Per fortuna in Francia non abbiamo sperimentato per molto tempo la DAD. Ricordo la primavera del 2020 come un periodo difficile; alcuni alunni non erano in grado di seguire le lezioni a distanza e la mancata presenza fisica toglie tanto all'insegnamento. Tuttavia, proponevo dei video e delle classi virtuali per rendere il corso più vivo e motivante. Inoltre, ho adattato i documenti affinché fossero più facili da capire.

10. Cosa cambieresti del sistema scolastico francese?
Non saprei rispondere a questa domanda. Ovviamente ci sarebbero tante cose da migliorare ma direi che nel complesso il sistema funziona bene.

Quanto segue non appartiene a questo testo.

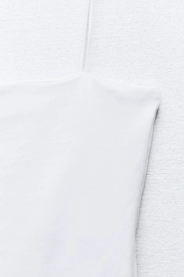 Inès Beyaz Kristal Süslemeli Midi Elbise
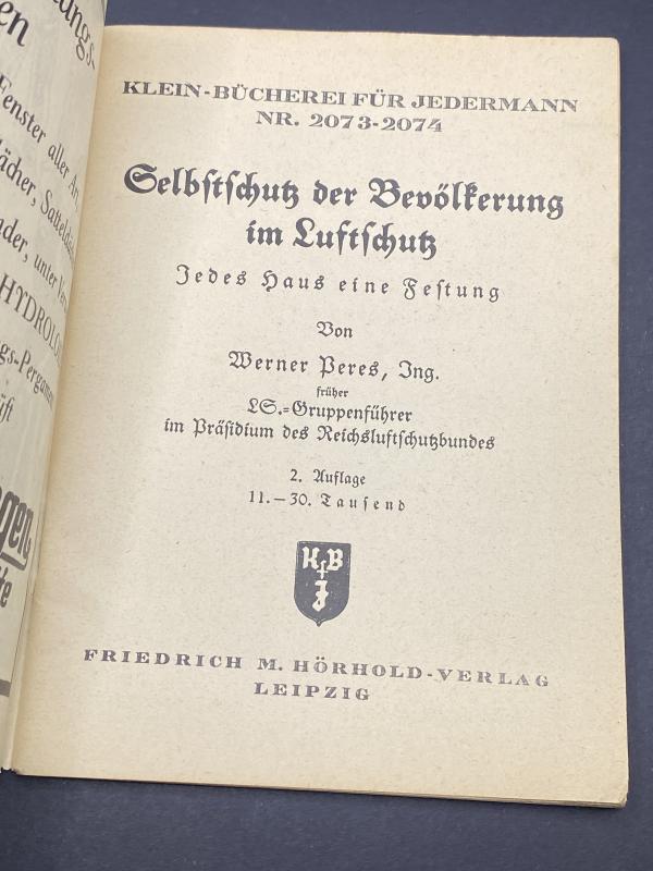 Original Wartime print of Selbstschutz der bevölkerung im Luftschutz by LS-Gruppenführer Werner Peres. In good condition.
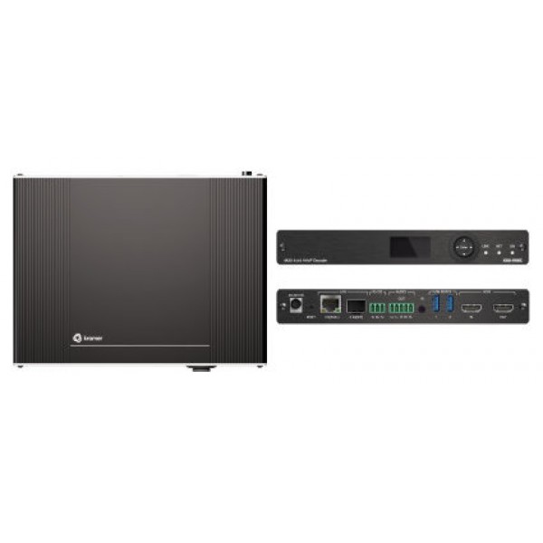 Kramer Electronics KDS-17DEC. Máxima resolución de video: 3840 x 2160 Pixeles, Velocidad máxima de cuadro: 85 pps, Formatos gráficos soportados: 640 x 350, 1024 x 768 (XGA), 1152 x 864 (XGA+), 1280 x 720 (HD 720), 1280 x 800, 1360 x 768.... Color del producto: Negro, Material de la carcasa: Aluminio, Indicadores LED: Estado. Tipo de interfaz ethernet: Gigabit Ethernet, Ethernet LAN, velocidad de transferencia de datos: 1000 Mbit/s, Estándares de red: IEEE 802.1x. Voltaje de salida de adaptador AC: 20 V, Corriente de salida de adaptador AC: 6 A. Ancho: 189 mm, Profundidad: 145 mm, Altura: 27,6 mm
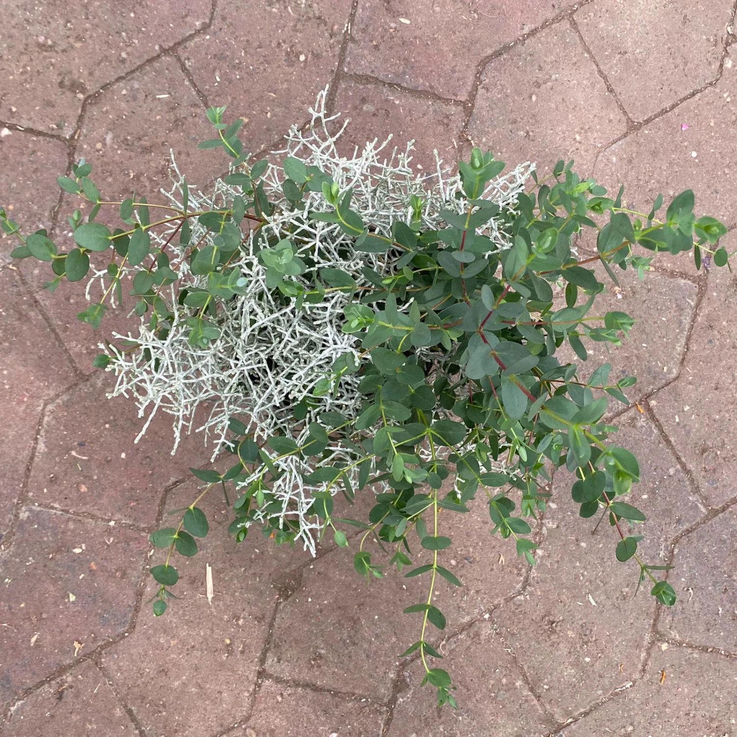 In seltenen Fällen kommt Calocephalus brownii unscheinbar und mit kugelförmigen Blütenständen zur Blüte, während der Eukalyptus cremeweiße, unscheinbare Blüten trägt. Beide Pflanzen sind überaus pflegeleicht und haben einen eher geringen Nährstoffbedarf. Die Pflanzen können an gut geschützten Standorten ohne Minustemperaturen überwintern. Eukalyptus sollte zur Sicherheit aber frostfrei bei max. 10 °C überwintert werden.
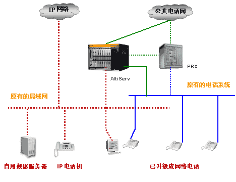 如果您的企業(yè)規(guī)模不是很大,原有的交換機(jī)投資不大,我們建議您用奧迪堅(jiān)的Altiserv來替代原有的交換機(jī)。當(dāng)然也可保留原有交換機(jī),將Altiserv作后端設(shè)備。
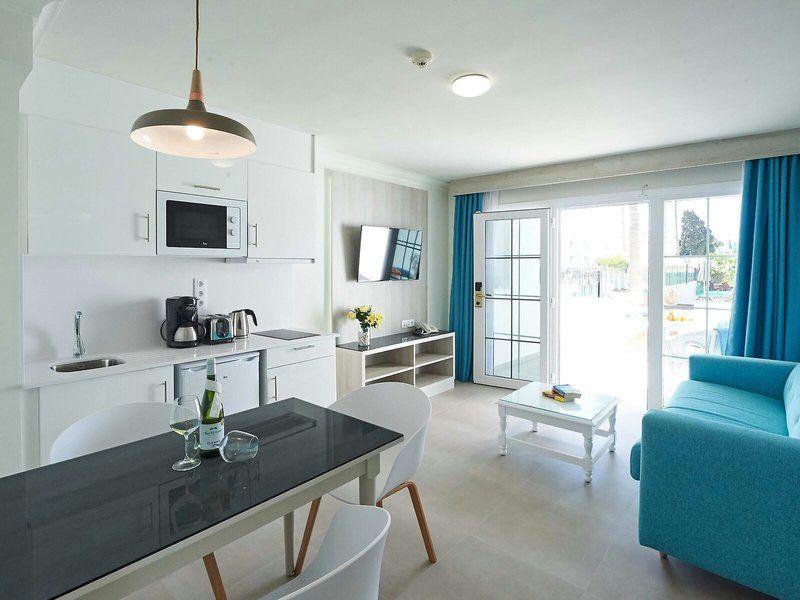 Vaše ubytovanie: Klimatizácia a kúrenie zabezpečujú príjemnú vnútornú klímu v izbách. Z balkóna alebo terasy sa hostia môžu kochať výhľadom do záhrady. Izby majú manželskú posteľ a rozkladaciu pohovku. K dispozícii sú samostatné spálne. Prístelky je možné vyžiadať. K dispozícii je aj trezor, minibar a písací stôl. Kuchynka je dobre vybavená na vlastné varenie a má chladničku, sporák, mikrovlnnú rúru, príslušenstvo na prípravu kávy/čaju a rúru. Telefón s priamou voľbou, televízor so satelitným/káblovým príjmom, rádio, budík a WiFi (bezplatné) poskytujú najlepší komfort počas dovolenky. Hostia môžu tiež využiť službu na dobrú noc. Kúpeľňa je vybavená sprchovacím kútom a vaňou, sušičom vlasov a telefónom. K dispozícii sú aj bezbariérové izby s bezbariérovými kúpeľňami. Hotel ponúka rodinné a nefajčiarske izby.
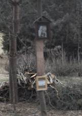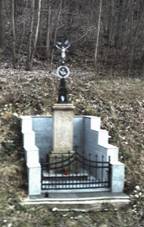 dvěma kříi, pokozený kámen staený drátem s dvojitým reliéfem kříe. 68 x 57 x 19 cm Památník padlým
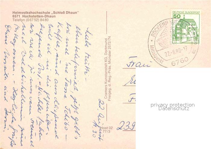 72771093 alte Postkarte Dhaun Heimvolkshochschule Schloss Dhaun Fliegeraufnahme postalisch gelaufen Erhaltung siehe scans [WerneD78] KatCode: 11110007133046
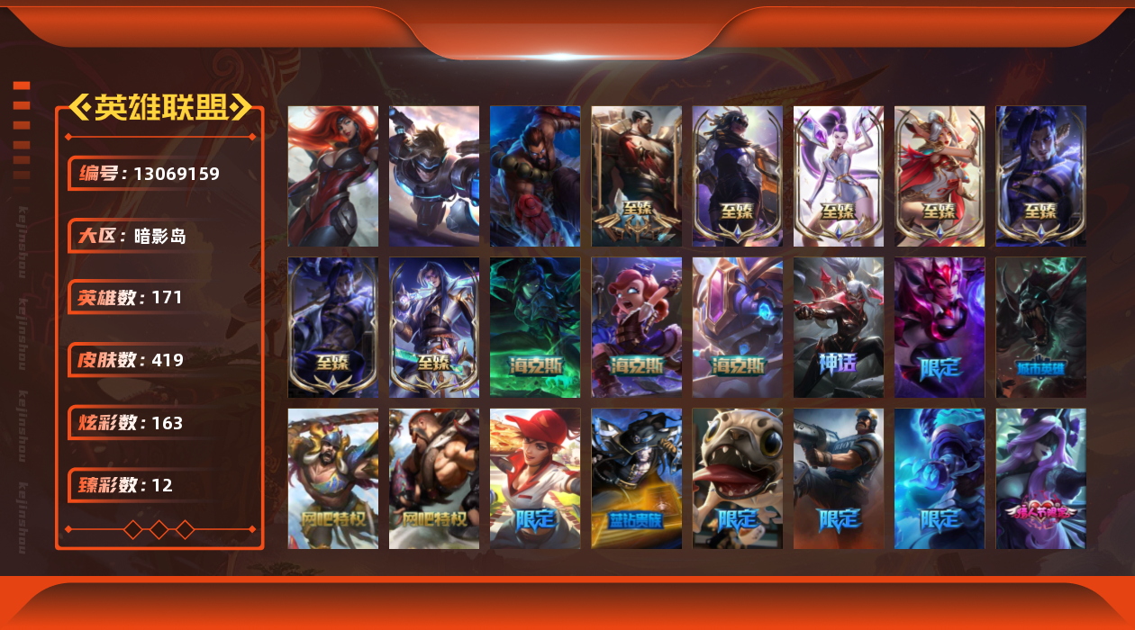 【11087476】[13069159]t29015【暗影岛】419皮肤 163炫彩 12臻彩 14神话/51限定/40传说/171英雄 账号等级:338 单双排段位:白银【重要头像】春晖神女拉克丝 救生圈 灵魂莲华厄斐琉斯 沐浴震惊 【重要皮肤】莲华温泉厄斐琉斯至臻 凯旋将军德莱厄斯至臻 心之钢永恩至臻 墨之影武者亚索至臻 至高天奎桑提至臻 神凰行者烈羽焰凰霞至臻 真实伤害
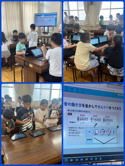 「音の動き方を生かしてせんりつをつくろう」という学習めあてで、友だちと協力して旋律づくりに挑戦しました。まず各自で、「ソラシドレ」の5音の中から3音を選んで1小節分の音をつくり、その後友だちがつくった小節を合わせて旋律をつくりました。「最後が終わる感じになるにはどう並べたらいいかな?」「この並びだとまだ曲が続きそう!」などと話し合いながら、一番いい感じになる並べ方を子どもたちは一生懸命に考えていました。
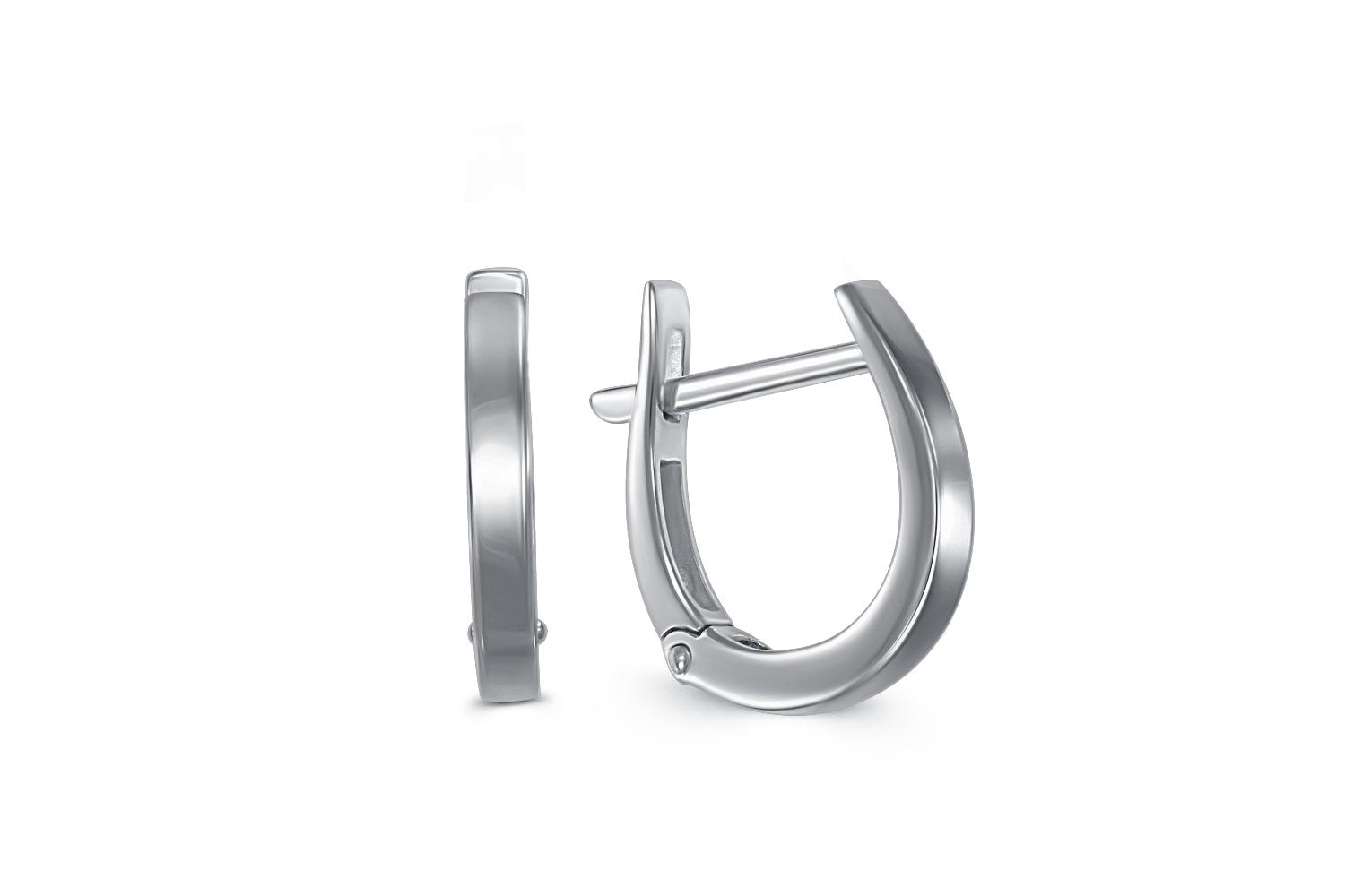 Изящные серьги-конструкторы из белоснежного золота представляют собой классический образец минималистичного дизайна. Их геометрическая форма напоминает изящную подкову с продуманным механизмом замка. Плавные линии и зеркальная поверхность металла создают впечатление легкости и современности.
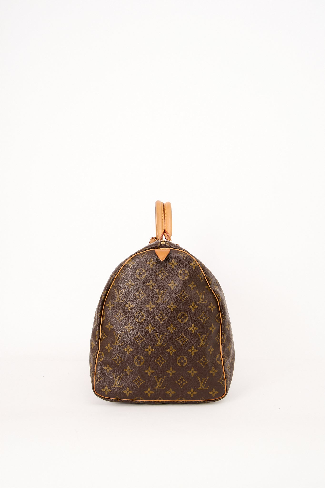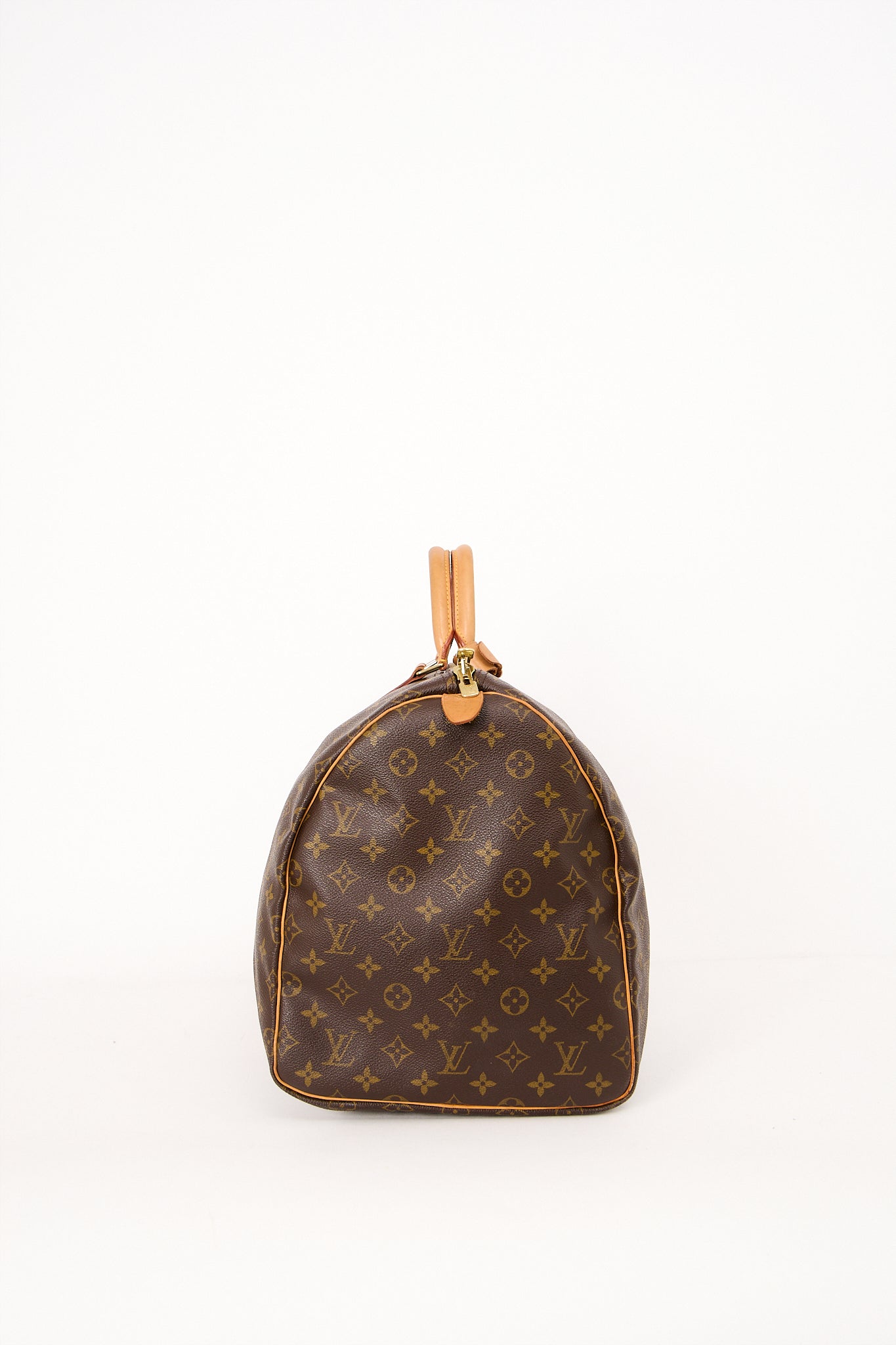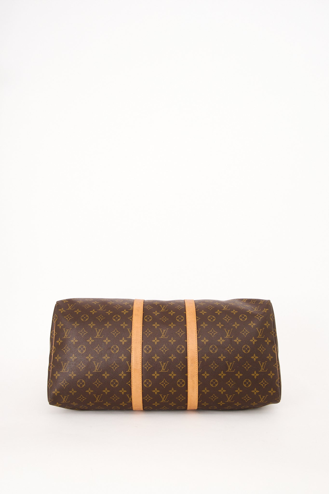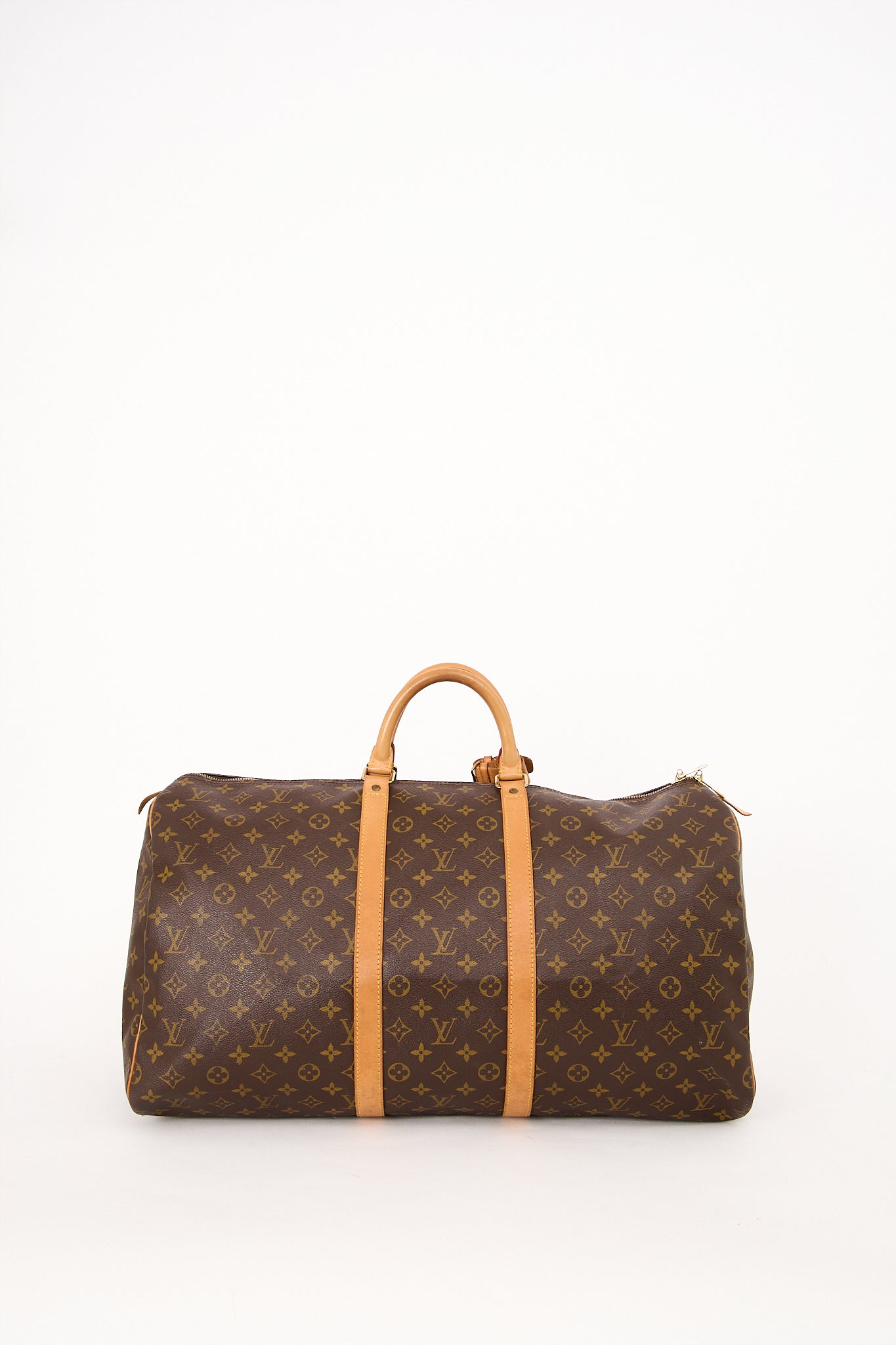 Den klassiske Louis Vuitton Keepall 55 i det ikoniske Monogram Canvas med naturfarvet vachetta-læder og guldfarvet hardware. Tasken er den ultimative rejsemakker – rummelig, let og tidløs i sit design. Denne størrelse er perfekt som håndbagage og er elsket for sin kombination af luksus og funktionalitet. Et ægte symbol på Louis Vuittons rejsearv og håndværk.
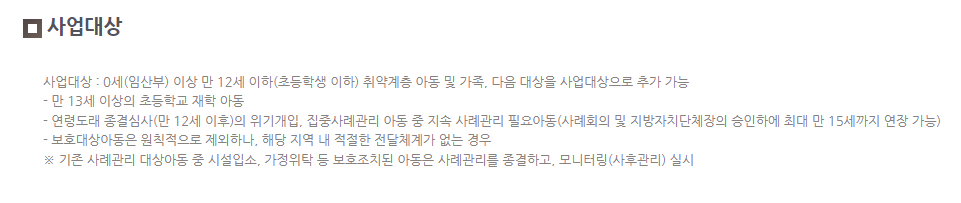 - 연령 도래 후 계속적인 사례관리가 필요한 아동: 만 12세가 되었더라도 연령 도래 종경심사나 집중사례관리를 통해 계속적인 지원이 필요하다고 판단되는 아동은 지원을 받을 수 있습니다.
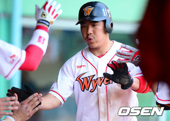 17일 오후 인천 문학구장에서 열린 2013 한국야쿠르트 세븐프로야구 SK 와이번스와 롯데 자이언츠의 경기, 7회말 1사 주자 1,3루 SK 김상현의 1타점 동점타 홈을 밟은 정근우가 덕아웃에서 동료들과 하이파이브를 하고 있다.
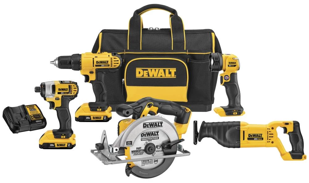 This power tool combo kit comes with five cordless 20V MAX tools, two 2.0-Ah lithium ion batteries, charger, and medium premium contractor bag. The five tools include one 1/2-in cordless drill/driver, 1/4-in cordless impact driver, 6-1/2-in cordless circular saw, cordless work light and cordless reciprocating saw.
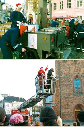 De to herstående arkiv-fotos beskriver egentligt meget præcist, hvad der kommer til at ske: Dels sørger en stigevogn fra Grenaa Brandvæsen for at hente julemanden ned fra kirketårnet (og mon ikke han igen i år har lidt godter med ned til børnene), og dels kommer Beredskabsforbundet og sørger for gratis risengrød til alle. Beredskabsgården i Grenaa gør med andre ord påny en indsats for den gode julestemning i Grenaa. Der er naturligvis søndags-åbent i butikkerne i Grenaa Centrum, så man kan kombinere de to jule-happenings med det at få købt lidt ind til juletræet derhjemme. Til den tid er der jo kun en uges tid til juleaften!! Butikkerne har åbent fra kl. 11.00 til 16.00 denne søndag den 16. december. Den følgende søndag - den 23. december (altså Lillejuleaftensdag) har butikkerne i Handelscenter Grenaa også ekstraordinært jule-åbent, og her kommer den lokale harmonika-duo Mona & Gunnar og underholder.
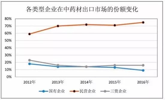 近年來,國有企業在中藥材及飲片出口市場中所占份額逐年下降,民營企業所占份額持續上升。2016年,民營企業市場份額為75%,同比上升4個百分點;國有企業市場份額跌落至9%,同比下降4個百分點;三資企業市場份額為16%, 與2015年基本持平。

11. Che cosa ti affascina della cultura italiana?
La sua ricchezza attraverso le epoche, la capacità che hanno gli Italiani di trovare una soluzione per ogni cosa, l'arte di « arrangiarsi », l'impegno per difendere e tutelare la propria cultura. Questa forza l'ho percepita vivendo in Italia e purtroppo manca a noi francesi. Anche se gli Italiani hanno l'immagine dei francesi come di un popolo orgoglioso, fiero di sé, in realtà non è così: i francesi non sono « fieri » della propria storia; gli italiani la conoscono meglio! Per esempio, andate a chiedere a un francese perché si festeggia il 14 luglio, vi dirà che ci sono i fuochi d'artificio ma spesso non saprà dire che è il giorno della presa della Bastiglia nel 1789! In Francia non siamo abbastanza orgogliosi della nostra cultura, della nostra storia; non le conosciamo bene ed è un vero peccato.

12. Perché studiare l’italiano oggi?
Studiare l'italiano in Francia oggi ha molto senso: permette di scoprire una lingua che piace tanto, permette di capire meglio la cultura di chi ci ospita quando andiamo in vacanza (l'Italia è uno dei paesi stranieri più apprezzati dai francesi), gli scambi commerciali tra l'Italia e la Francia (da un punto di vista economico, è il secondo paese europeo, dopo la Germania, con cui intrattiene delle relazioni). I motivi sono tanti, ecco perché ci sono sempre più francesi che si iscrivono a lezioni serali per studiare la lingua di Dante. I Francesi amano gli Italiani, la loro lingua e la loro cultura. Tra amici o quando incontro nuove persone e dico che sono insegnante di italiano, ricevo sempre commenti positivi e vedo tanta ammirazione per il Belpaese; ciò mi rende alquanto orgoglioso.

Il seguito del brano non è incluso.